Replace mounts with external volumes (SQL):

CREATE EXTERNAL VOLUME main.data.raw_files LOCATION 's3://my-bucket/data/';

CREATE EXTERNAL VOLUME main.data.raw_files LOCATION 's3://my-bucket/data/';

Then use: /Volumes/main/data/raw_files/

Then use: /Volumes/main/data/raw_files/

Pandas paths too:

Pandas paths too:

BEFORE: pd.read_csv("/dbfs/mnt/data/file.csv")

BEFORE: pd.read_csv("/dbfs/mnt/data/file.csv")

AFTER: pd.read_csv("/Volumes/main/data/volume/file.csv")

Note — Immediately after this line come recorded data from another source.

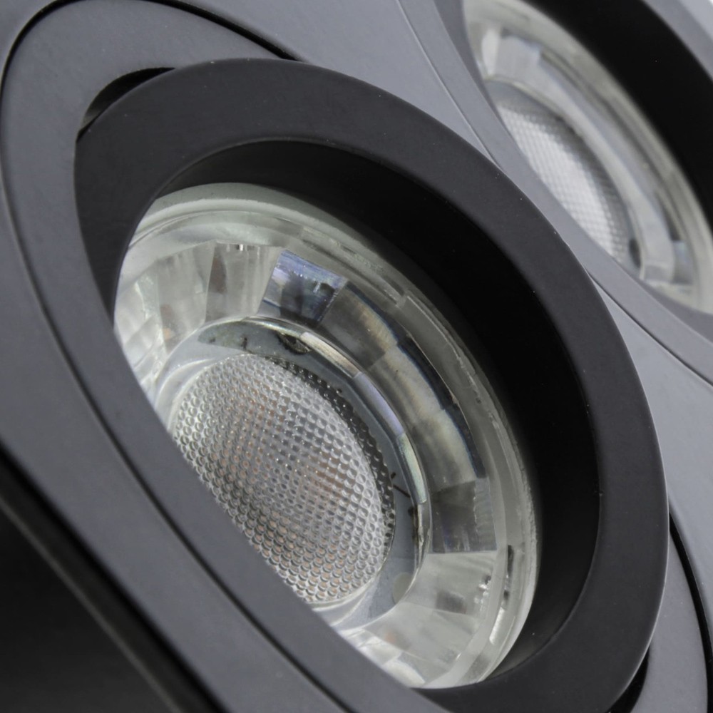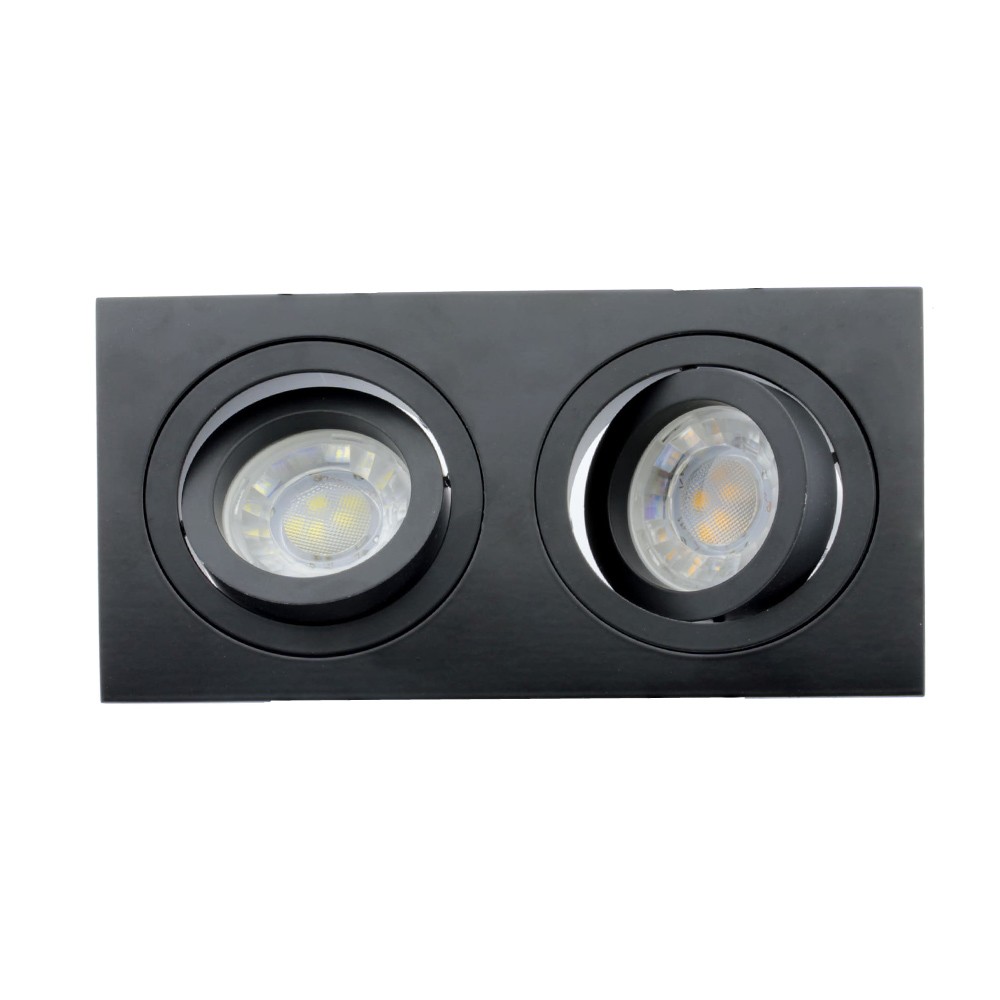 Foco rectangular para empotrar en falsos techos, con dos luces basculantes 30° y con reemplazo de la bombilla por la parte delantera. Estructura fabricada en aluminio pulido, lacado en negro mate. Incluye portalámparas GU10, bombillas no incluidas. Perfecto para iluminación en pasillos, salones, dormitorios, comercios, tiendas de moda, restaurantes, etc…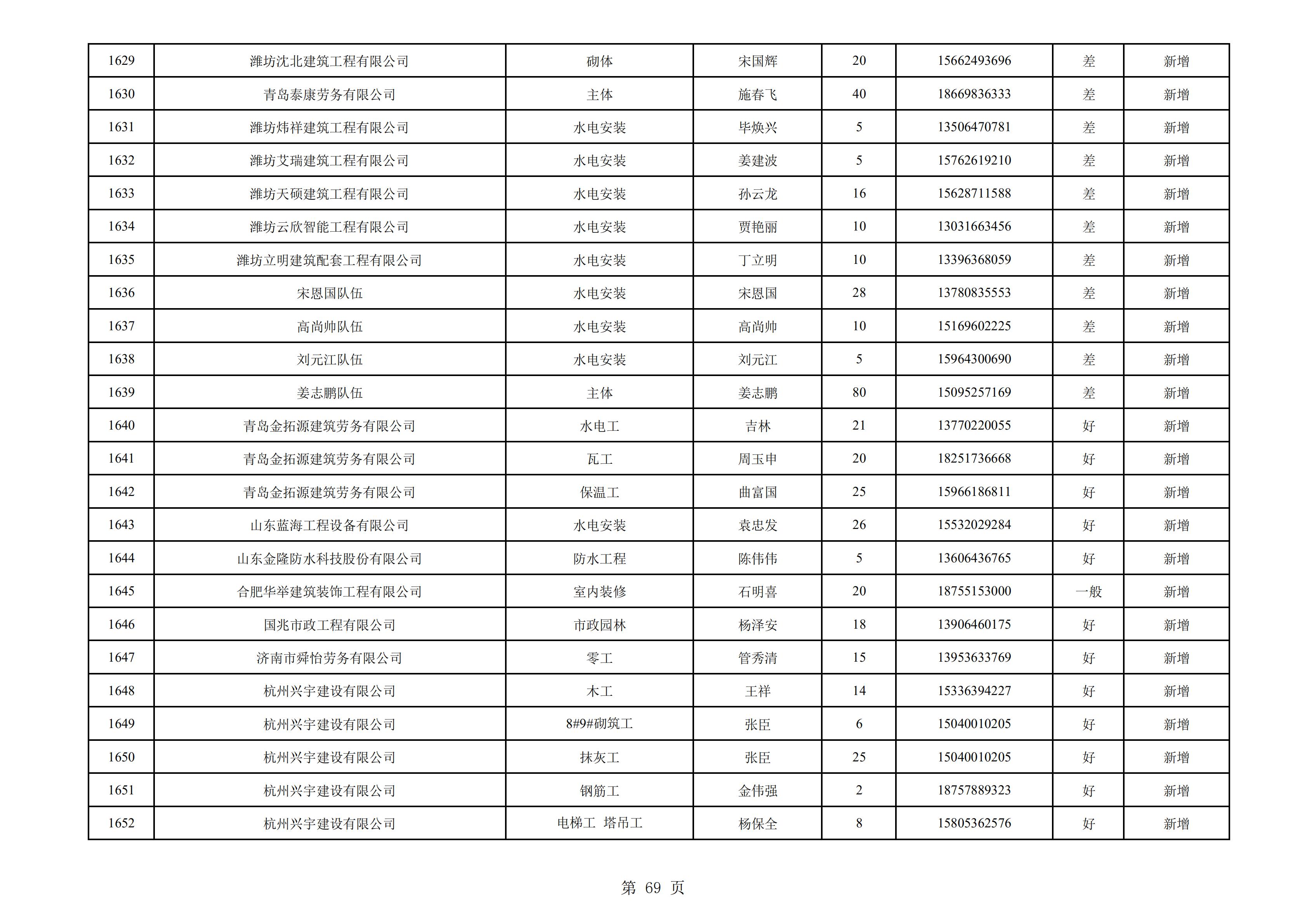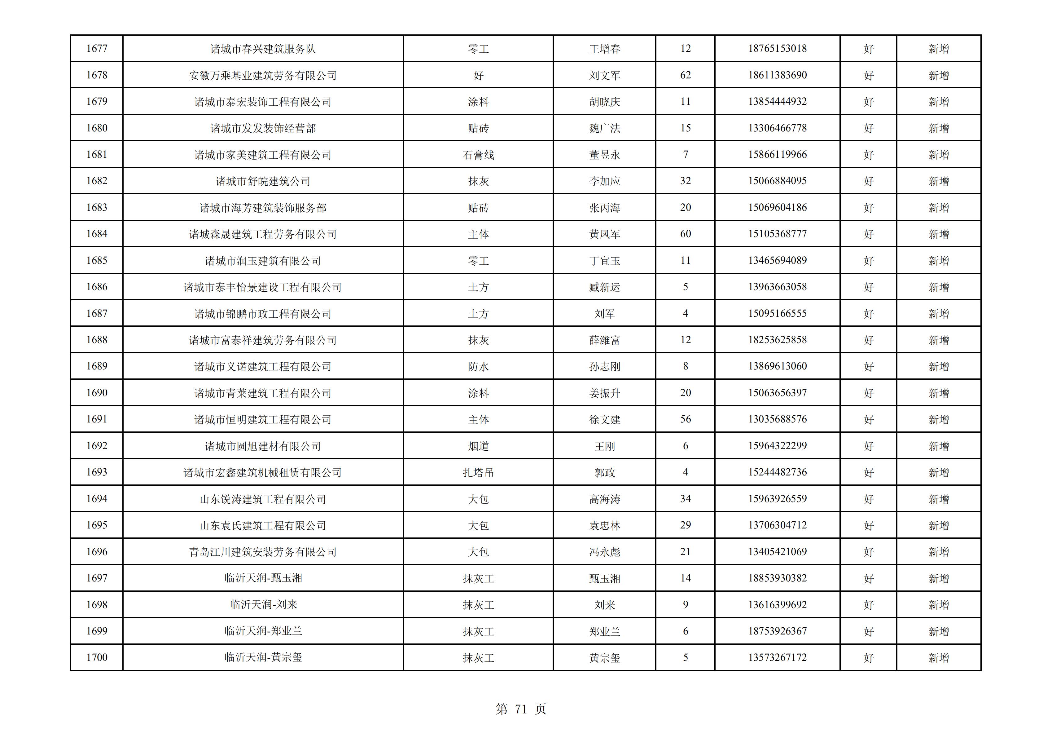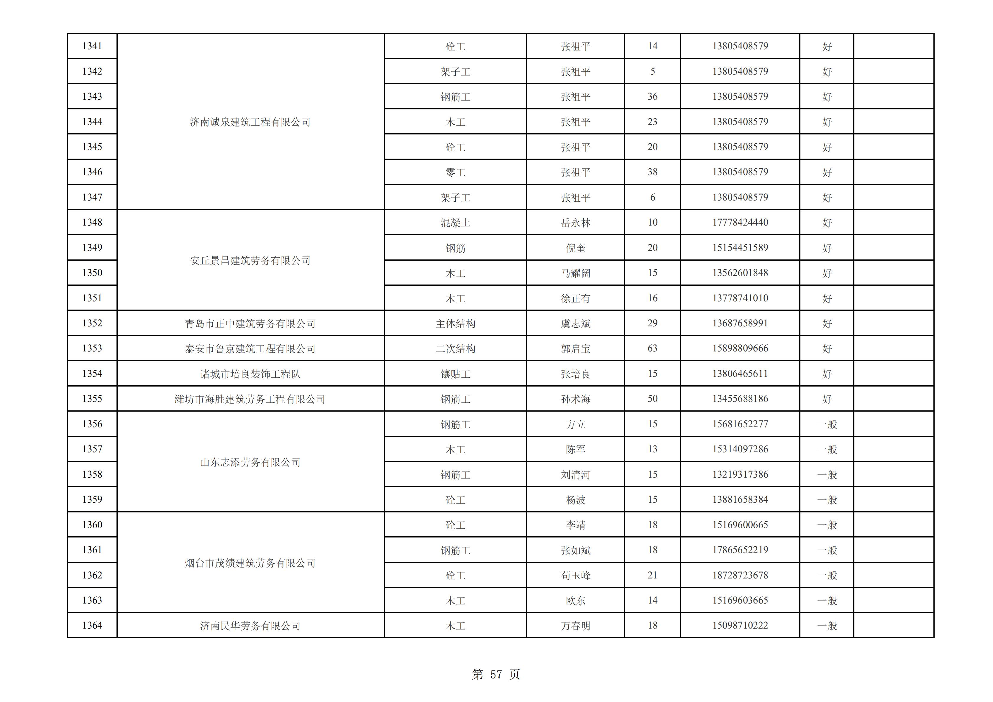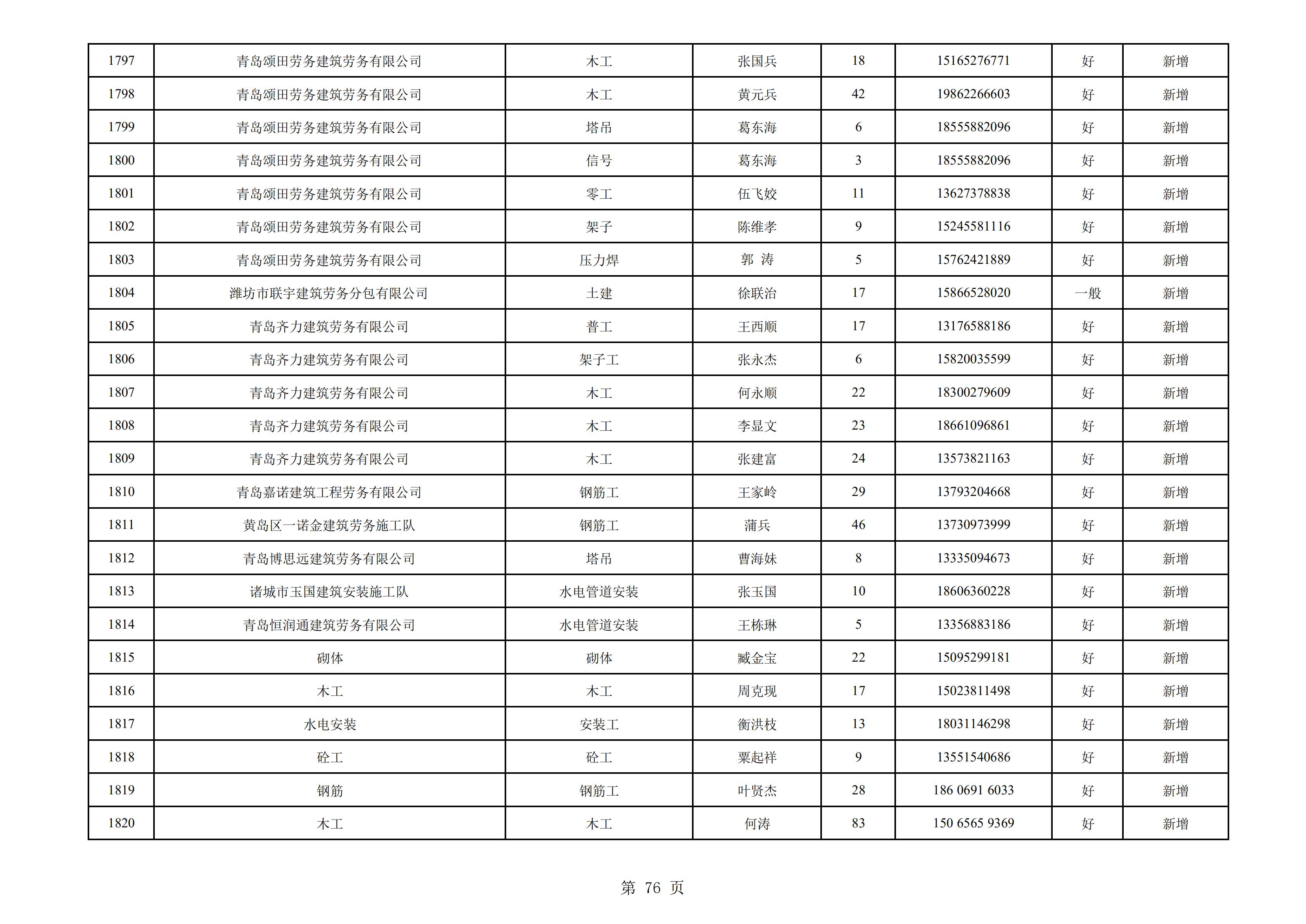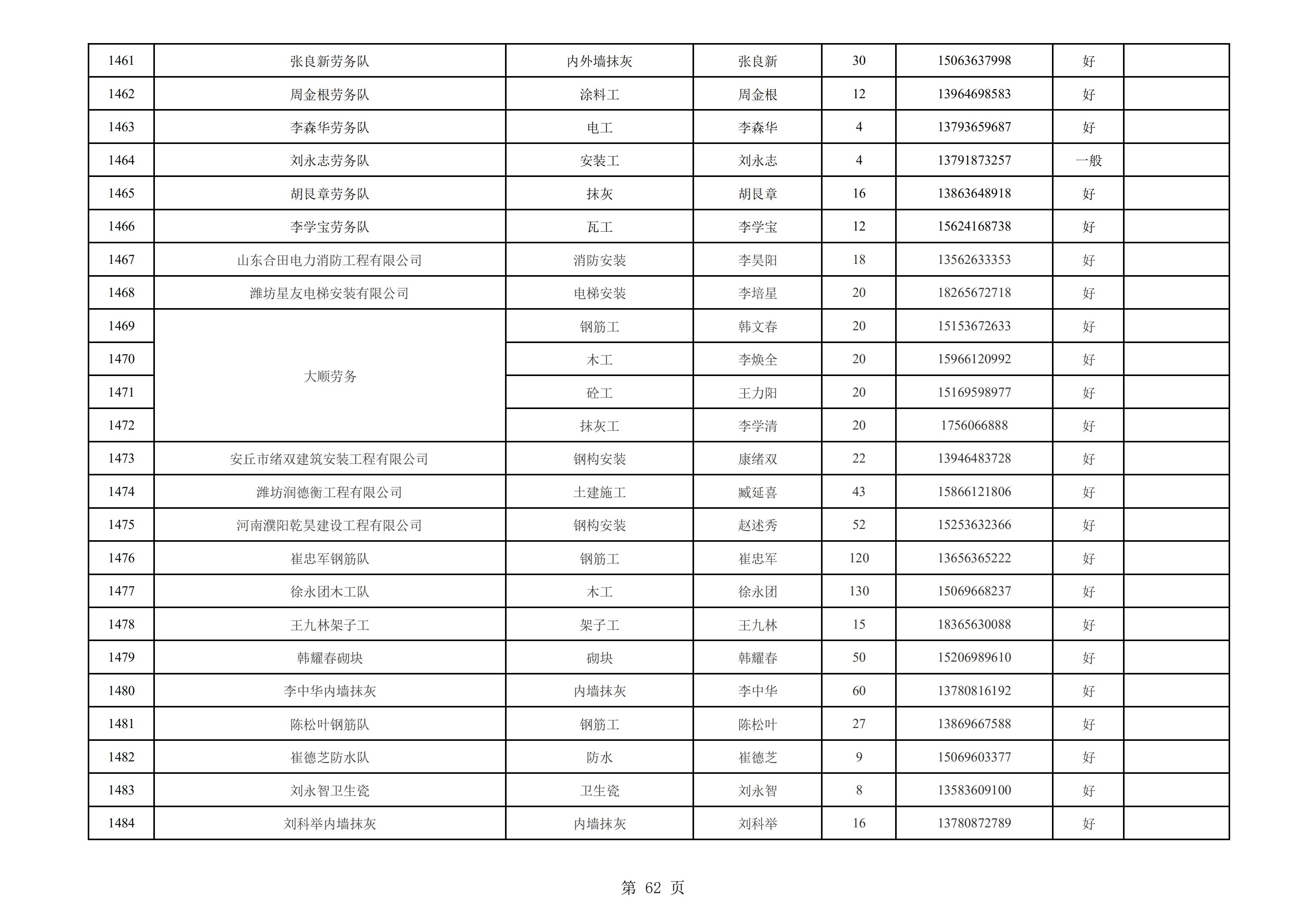 潍坊市建筑劳务队伍数据信息(截止到2020年3月31日)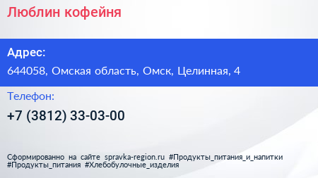 Люблин, кофейня по адресу 644058, Омская область, Омск, Целинная, 4 в дальнейшем Организация, размещена в следующих категориях: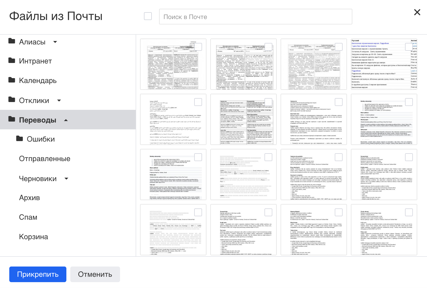 Кроме файлов с компьютера вы можете прикреплять к письму те файлы, которые уже находятся в вашем почтовом ящике. Для этого: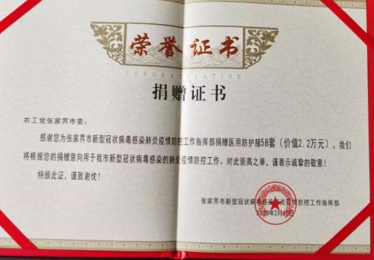 得知张家界市急需医用防护服后,农工党张家界市委会发动党员寻找货源,很快得到了农工党长沙市委会党员、湖南普瑞康医药有限公司董事长李光焰的帮助,筹措到了58套医用防护服并迅速寄往张家界。从党费上交、寻找货源到捐赠交接,前后仅用5天时间。农工党市委捐赠的防护服得到疫情防控工作指挥部物资验收人员的高度肯定,称是“专家团队”采购的高质量物资。
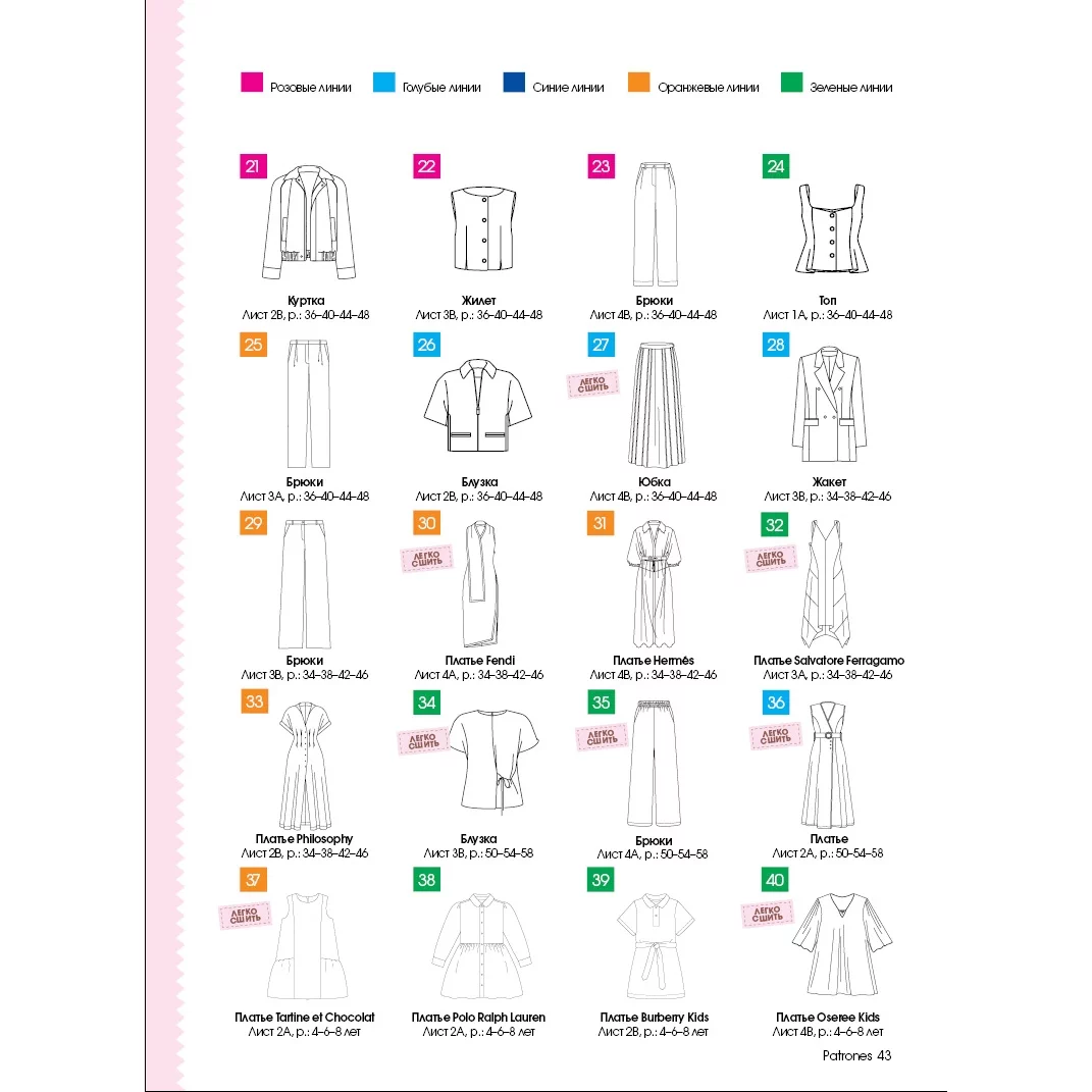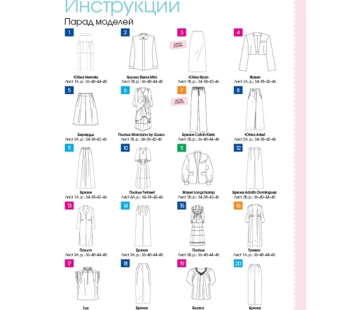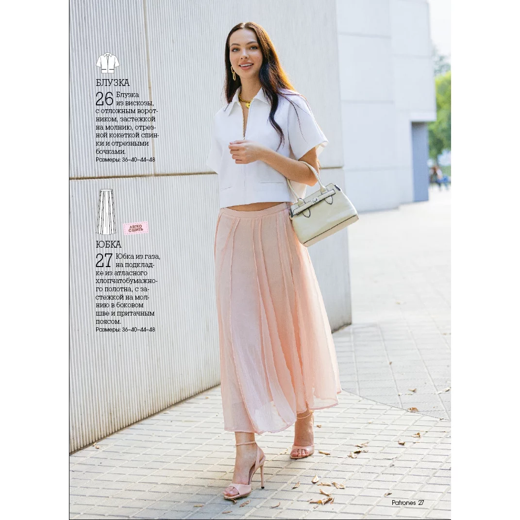 В каждом номере – около 40 женских моделей широкого размерного ряда, предназначенные для работы, праздничных выходов, отдыха и путешествий, а также модели для детей. Журнал содержит подробные инструкции по шитью и выкройки, обеспечивающие отличную посадку на фигуру.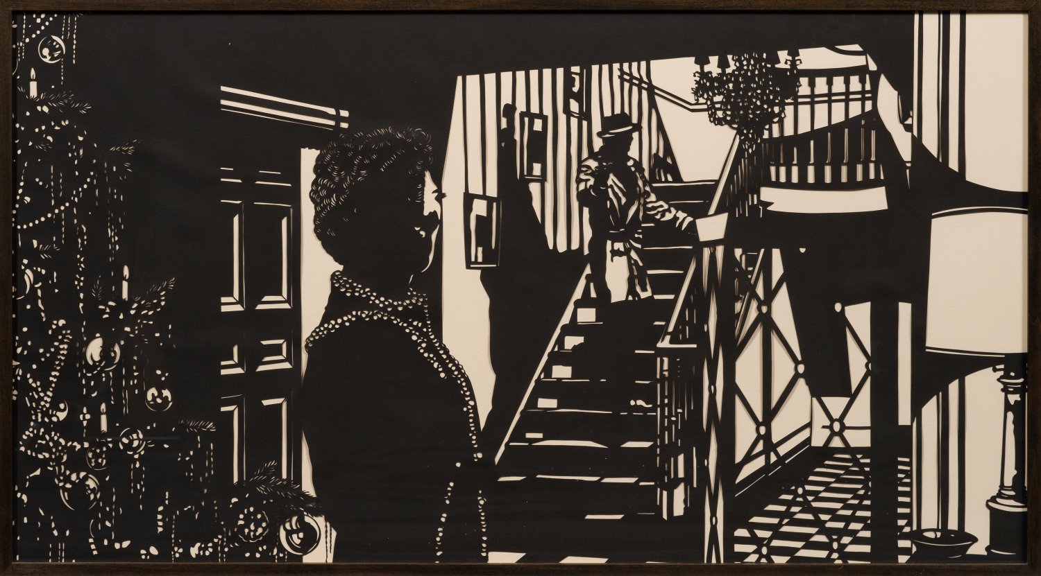 Filmstill aus dem Melodram "Was der Himmel erlaubt" von Douglas Sirk aus dem Jahr 1955, umgesetzt als filigraner Scherenschnitt. Der Berliner Künstler Stefan Thiel, der an der Hochschule der Künste Berlin als Meisterschüler von Dieter Appelt studierte, findet die Motive seiner aufwendigen Scherenschnitte nicht nur in eigenen Fotografien, sondern greift auch vielfach auf Filmmaterial zurück. Die verwendeten, auf schwarz-weiß reduzierten, isolierten Stills sind nicht mehr ohne weiteres der filmischen Vorlage zuzuordnen und thematisieren dabei keine Schlüsselszenen; das Augenmerk gilt beiläufigen, eher banalen Ereignissen der Filmhandlung. Scherenschnitt/Papier, 2010. Verso sign. u. dat.; Verso Etikett der Mai 36 Galerie, Zürich, und der Galerie September, Berlin. 53 cm x 96,5 cm. Rahmen.

AFTER: pd.read_csv("/Volumes/main/data/volume/file.csv")

undefined
undefined

Replace RDD operations with DataFrames

将RDD操作替换为DataFrame

python
from pyspark.sql import functions as F
python
from pyspark.sql import functions as F

parallelize + map

parallelize + map

BEFORE:

BEFORE:

rdd = sc.parallelize([1, 2, 3]) result = rdd.map(lambda x: x * 2).collect()
rdd = sc.parallelize([1, 2, 3]) result = rdd.map(lambda x: x * 2).collect()

AFTER:

AFTER:

df = spark.createDataFrame([(1,), (2,), (3,)], ["value"]) result = df.select((F.col("value") * 2).alias("value")).collect()
df = spark.createDataFrame([(1,), (2,), (3,)], ["value"]) result = df.select((F.col("value") * 2).alias("value")).collect()

flatMap (word splitting)

flatMap (word splitting)

BEFORE:

BEFORE:

words = sc.parallelize(["hello world"]).flatMap(lambda l: l.split(" ")).collect()
words = sc.parallelize(["hello world"]).flatMap(lambda l: l.split(" ")).collect()

AFTER:

AFTER:

df = spark.createDataFrame([("hello world",)], ["line"]) words = df.select(F.explode(F.split("line", " ")).alias("word")).collect()
df = spark.createDataFrame([("hello world",)], ["line"]) words = df.select(F.explode(F.split("line", " ")).alias("word")).collect()

groupByKey

groupByKey

BEFORE:

BEFORE:

rdd = sc.parallelize([("a", 1), ("b", 2), ("a", 3)]) grouped = rdd.groupByKey().mapValues(list).collect()
rdd = sc.parallelize([("a", 1), ("b", 2), ("a", 3)]) grouped = rdd.groupByKey().mapValues(list).collect()

AFTER:

AFTER:

df = spark.createDataFrame([("a", 1), ("b", 2), ("a", 3)], ["key", "value"]) grouped = df.groupBy("key").agg(F.collect_list("value").alias("values")).collect()
df = spark.createDataFrame([("a", 1), ("b", 2), ("a", 3)], ["key", "value"]) grouped = df.groupBy("key").agg(F.collect_list("value").alias("values")).collect()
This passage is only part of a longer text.